Our physical environment brings with it several distractions. It is not wise to blame modern technology for procrastination, but smartphones, internet, and social media have made it very easy for people to choose mindless entertainment and distractions over working on some task that is unpleasant.

Set up your environment in such a way that distractions are minimal. Make a list of all possible distractions and eliminate them one by one.

For example, keep your phone switched off or away while you work. Even a 3 second distraction of hearing the phone ring and silencing it can disrupt the workflow and attention. 

I mentioned earlier in this article that poor emotional regulation is one of the core problems of chronic procrastinators. It makes sense to rid your environment of temptations that can pull you back into the land of procrastination.

Tip 5: Forgive yourself

Symptoms of procrastination include anxiety, guilt, low self-esteem, low performance and productivity, and reduced emotional and physical well-being. Dwelling on these negative emotions and outcomes can be detrimental in the long term.

Research shows that those who forgave themselves for previous procrastinating behaviours were less likely to procrastinate in the future [9].

Procrastination makes us feel bad already, self-blame further aggravates and triggers adverse biological responses such as release of cortisol and stress hormones. This affects our cognitive flexibility and reduces our capacity to learn.

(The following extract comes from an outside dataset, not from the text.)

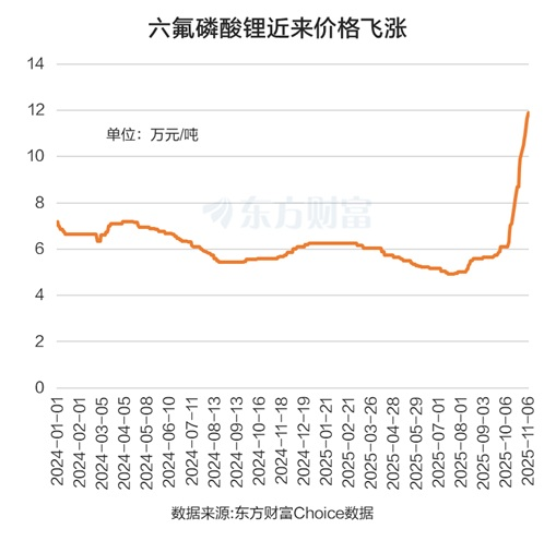 电解液价格的增长也带动了核心材料六氟磷酸锂的价格上涨。 东方财富 Choice数据显示,六氟磷酸锂11月6日的报价为11.9万元/吨,这较今年7月中下旬的4.93万元/吨大涨141.38%。

Forgiveness comes from having self compassion and empathy for ourselves and moving away from self-blame. Compassion to self reduces feelings of distress and puts us in a better position to learn from past mistakes.  

In conclusion

Even if you have been procrastinating for a long time, it does not have to be a part of your identity. Once you recognize the symptoms of procrastination and identify the causes of procrastination, you can work on building new habits.

Don’t forget to be kind to yourself along the way, even when you slip. And don’t forget to reward yourself when you complete an important task.

As you move away from the habit of procrastinating, you will see that your time management has improved. You are also able to confidently take up short term and long term projects.

There is no better feeling than being able to rely on your own behaviour and commitment, rather than wait for spikes of motivation that comes and goes.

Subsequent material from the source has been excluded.